ASSIGNMENT:
Copy out each line of the listing below where the string "Slit" appears.

PROVIDED ENTRIES:
· · ·

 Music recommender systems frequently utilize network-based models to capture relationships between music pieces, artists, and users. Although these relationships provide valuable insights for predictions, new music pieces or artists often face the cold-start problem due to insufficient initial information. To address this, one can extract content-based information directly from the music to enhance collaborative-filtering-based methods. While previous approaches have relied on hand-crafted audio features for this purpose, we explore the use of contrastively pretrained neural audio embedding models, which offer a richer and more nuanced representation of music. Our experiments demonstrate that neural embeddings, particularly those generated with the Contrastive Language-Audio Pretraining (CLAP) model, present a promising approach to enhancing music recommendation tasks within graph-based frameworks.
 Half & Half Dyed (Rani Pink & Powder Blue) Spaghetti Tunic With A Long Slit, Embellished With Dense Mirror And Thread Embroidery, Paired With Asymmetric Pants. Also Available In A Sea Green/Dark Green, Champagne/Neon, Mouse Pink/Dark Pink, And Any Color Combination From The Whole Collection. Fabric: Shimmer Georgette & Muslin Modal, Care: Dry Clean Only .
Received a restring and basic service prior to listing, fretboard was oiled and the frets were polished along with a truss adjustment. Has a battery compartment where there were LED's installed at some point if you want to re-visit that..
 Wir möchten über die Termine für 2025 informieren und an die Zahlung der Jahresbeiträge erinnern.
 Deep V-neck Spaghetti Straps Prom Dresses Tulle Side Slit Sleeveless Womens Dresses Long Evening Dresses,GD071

· · ·

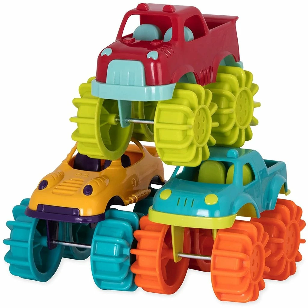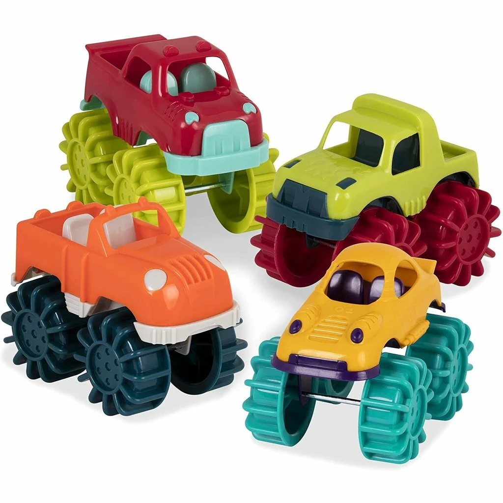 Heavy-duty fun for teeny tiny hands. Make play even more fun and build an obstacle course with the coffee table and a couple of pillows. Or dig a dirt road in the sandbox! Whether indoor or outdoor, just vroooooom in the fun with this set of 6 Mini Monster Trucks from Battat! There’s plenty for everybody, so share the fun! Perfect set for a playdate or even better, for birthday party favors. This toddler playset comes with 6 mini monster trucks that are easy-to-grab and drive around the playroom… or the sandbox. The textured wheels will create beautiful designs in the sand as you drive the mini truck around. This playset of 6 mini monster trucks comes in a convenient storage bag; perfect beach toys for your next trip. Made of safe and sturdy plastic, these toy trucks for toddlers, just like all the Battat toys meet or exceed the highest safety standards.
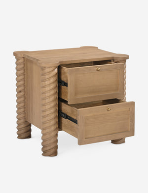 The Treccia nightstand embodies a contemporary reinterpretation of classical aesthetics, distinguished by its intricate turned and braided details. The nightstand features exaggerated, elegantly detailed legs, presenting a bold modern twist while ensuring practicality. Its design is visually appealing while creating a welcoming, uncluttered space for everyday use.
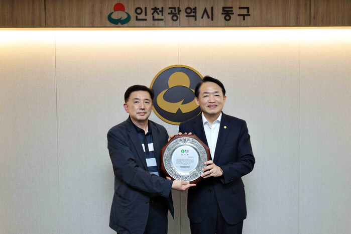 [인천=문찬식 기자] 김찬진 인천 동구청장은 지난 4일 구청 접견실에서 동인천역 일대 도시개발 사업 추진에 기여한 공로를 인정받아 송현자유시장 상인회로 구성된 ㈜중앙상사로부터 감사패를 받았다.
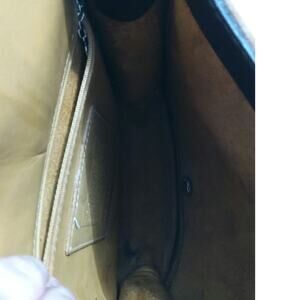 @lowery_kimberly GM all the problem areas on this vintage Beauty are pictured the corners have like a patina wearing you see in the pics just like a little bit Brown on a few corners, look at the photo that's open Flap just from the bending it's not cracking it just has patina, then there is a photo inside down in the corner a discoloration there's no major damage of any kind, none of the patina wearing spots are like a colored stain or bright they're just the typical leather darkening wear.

· · ·

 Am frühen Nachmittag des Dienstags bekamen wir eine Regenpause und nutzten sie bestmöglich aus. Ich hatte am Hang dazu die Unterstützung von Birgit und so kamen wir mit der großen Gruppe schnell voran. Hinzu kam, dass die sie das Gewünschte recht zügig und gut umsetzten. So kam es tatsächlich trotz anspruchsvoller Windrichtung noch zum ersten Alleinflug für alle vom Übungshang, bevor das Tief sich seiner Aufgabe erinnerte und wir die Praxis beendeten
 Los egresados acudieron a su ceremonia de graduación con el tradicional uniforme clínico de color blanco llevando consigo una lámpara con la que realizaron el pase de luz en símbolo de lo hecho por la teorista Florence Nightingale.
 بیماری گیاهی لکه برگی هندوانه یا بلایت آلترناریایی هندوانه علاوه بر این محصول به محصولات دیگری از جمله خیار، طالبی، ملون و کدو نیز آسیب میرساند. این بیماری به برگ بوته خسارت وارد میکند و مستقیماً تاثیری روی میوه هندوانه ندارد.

· · ·

RESULT FOR THIS EXERCISE:
 Half & Half Dyed (Rani Pink & Powder Blue) Spaghetti Tunic With A Long Slit, Embellished With Dense Mirror And Thread Embroidery, Paired With Asymmetric Pants. Also Available In A Sea Green/Dark Green, Champagne/Neon, Mouse Pink/Dark Pink, And Any Color Combination From The Whole Collection. Fabric: Shimmer Georgette & Muslin Modal, Care: Dry Clean Only .
 Deep V-neck Spaghetti Straps Prom Dresses Tulle Side Slit Sleeveless Womens Dresses Long Evening Dresses,GD071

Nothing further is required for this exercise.